So my deeper questions, are aimed at spurring debate among the communnity, social media is just one way to engineer that. If I can get beekeepers to "share" knowledge and "secrets" with eachother, maybe they will stick around, profits will rise, and my kids won't have to eat Chinese cherries and apples in 30 years.


----------



## TSADAM13 (Jan 19, 2011)

Keith Jarrett said:


> Does "alot" mean most of the work. Must be the six million dollar man.


He has four guys helping him through the season, of course they are not legals. But him and his sons take a big share of the work. They also were previously owners of a fast food restraunt chain in CA, was a business major, with a masters as well. One son was currently going to school to be an entomoligist. They have thier stuff together, purchased an apiary being sold through a friend who told them about it. They use thier skills in business and trade to bring the company to extreme profibility. But they view the company as a wholesale business. They have figuered out how to keep costs low (because of the time they spent in the restraunt industry) they look at everything as a "procedure" that can be easily trained and taught. They are doing well. Of course that was 20 years ago when they bought it. So go figure, someone who has an education, and learned business and trade can apply those skills to do well in a business that is supposed to make you broke, or barely survive. Hmmmm, makes sense to me.


----------



## TSADAM13 (Jan 19, 2011)

gregstahlman said:


> .....
> 
> i don't quite understand why this person is asking so many questions when they seem to know more "facts" than half the beekeepers on here.

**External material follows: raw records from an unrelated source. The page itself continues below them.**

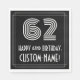 Cette serviette en papier inspirée du style des années 1920/1930 est décorée d'un grand modèle Art déco inspiré du numéro "62", du message "HAPPY 62nd BIRTHDAY", d'un nom personnalisable et d'un motif de frontière composé de lignes. Des serviettes en papier sur le thème de l’anniversaire comme celle-ci peuvent être amusantes à utiliser lors d’une fête organisée pour célébrer le soixante-deuxième anniversaire de quelqu’un. [~Z0000395]
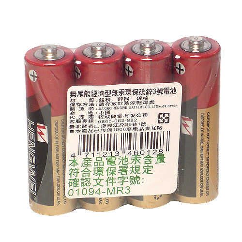 HENGWEI3號環保碳鋅電池一盒(60顆入)
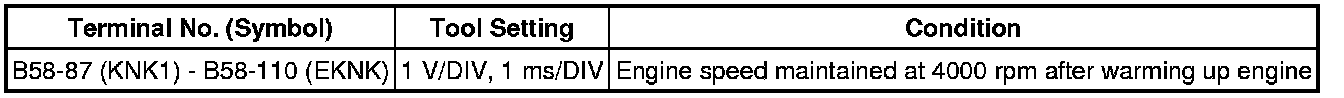 The knock feedback value change can be confirmed by running the engine with a high load, for example, by activating the air conditioning system and racing the engine.
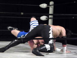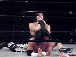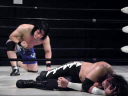 佐々木切り返してフライングメイヤーからグラウンドヘッドロック、彰人エビ固めに(右写真)、カウント1。彰人ヘッドシザーズでブレーク。
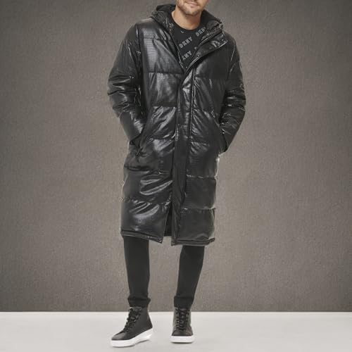 More information about DKNY Mens Faux Leather Long Quilted Fashion Coat
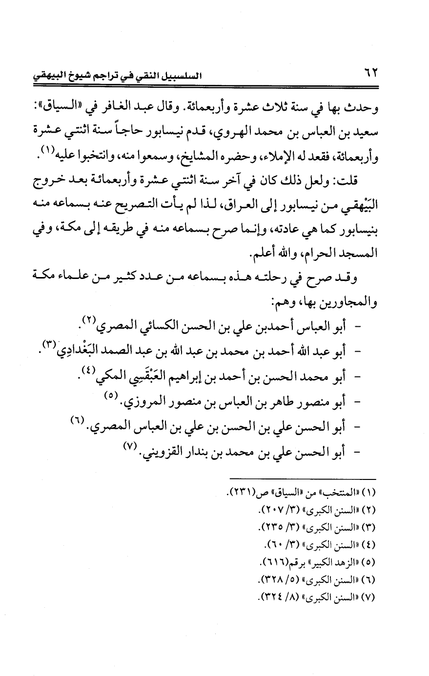 قلت: ولعلّ ذلك كان في آخر سنة اثنتي عشرة وأربعمائة بعد خروج البَيْهقي من نيسابور إلى العراق، لذا لم يأت التصريح عنه بسماعه منه بنيسابور كما هي عادته، وإنّما صرح بسماعه منه في طريقه إلى مكّة، وفي المسجد الحرام، والله أعلم.
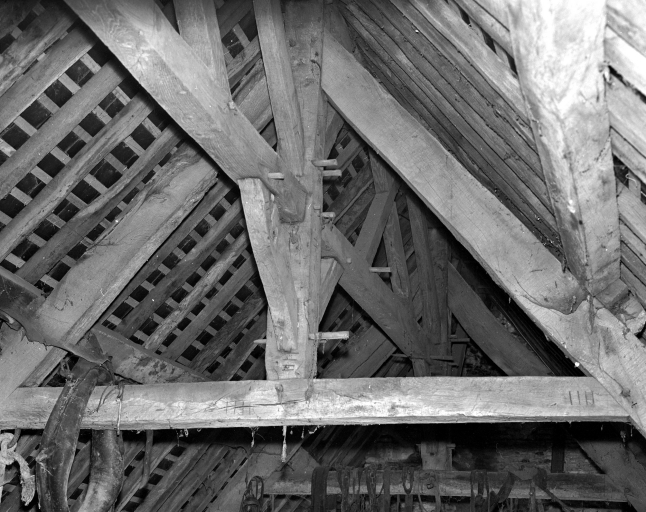 Le toit est à long pans à croupe et possède trois petites lucarnes sur le versant est ainsi que deux souches de cheminées. La charpentes est à six fermes portant pannes (arbalétriers, poinçon, entrait retroussé, croix de saint André et aisseliers).

@Greg, I don't know anything. I never claimed to know more then "half the beekeepers on here" my questions and debate are aimed at getting at the real answers. The NHR can say one thing. The Honey report can say one thing. But we all know that those reports can be misleading. So who are you supposed to believe? There are some things we can say for certain. 1) CCD is real and posses a serious threat to you, and the rest of America. 2) China will flood US Markets with honey causing collapse in Honey prices if unchecked. 3) These two factors will cause you (and the rest of the commercial beekeepers) to be out of a job in less then 20 years. More like 5 if left unchecked. Because none of you stick together. You think GM would have been bailed out if thier wasn't a union? What I am getting at is NONE of you have a voice. Becasue none of you stick together, nor help eachother let alone share a process with eachother can make you better business people. Right now you all need to help eachother out, then once your future stablizes, you are all well profitable busnesses you can keeping secrets. But if there are succesful operations that know how to abate CCD, then you need to share that, if you know how to yield more honey, you need to share that, but more importantly you need to share your best business practices with eachother or else the US Beekeeper will die when there is no one to defend it.


----------



## Roland (Dec 14, 2008)

I can tell you where you fall, Bees with CCD make ZERO honey. Reallity does not fit well into your profit calulator.

Don't think I know what I'm talking about? , you can check me out also....

Roland Diehnelt
Linden Apiary. Est. 1852
5th Gen Beekeeper.


----------



## TSADAM13 (Jan 19, 2011)

Roland said:


> I can tell you where you fall, Bees with CCD make ZERO honey. Reallity does not fit well into your profit calulator.
> 
> Don't think I know what I'm talking about? , you can check me out also....
> 
> ...


Roland, you seem to imply that I am saying EVERY single year you will run into great success. I never implied that. Anyone knows in a business, that good years and bad years exist in harmony. The Api-industry has enjoyed enourmous gains from CCD. Trust me when I tell you that there are apiaries out there that have made well off it. Specifically those selling queens and package bees, who don't send thier bees to pollinate or mingle. 

I digress, what I was originally getting at, is that on an "Average" year, Adee could make 3-4M based on published figuers. If you guys dont want people to think you make all this great money, than publish your facts. If he has a year where he hits CCD and it affects him for several, then NO of course they won't make that. The question here posed, Is there money in the api-industry? YES! 

US Honey production 2009: 144M lbs
US Honey consumption 2009: 400M lbs

What can you deduce from that? WE IMPORT MORE THEN WE PRODUCE! There's room for growth and room to make money with that big of a gap.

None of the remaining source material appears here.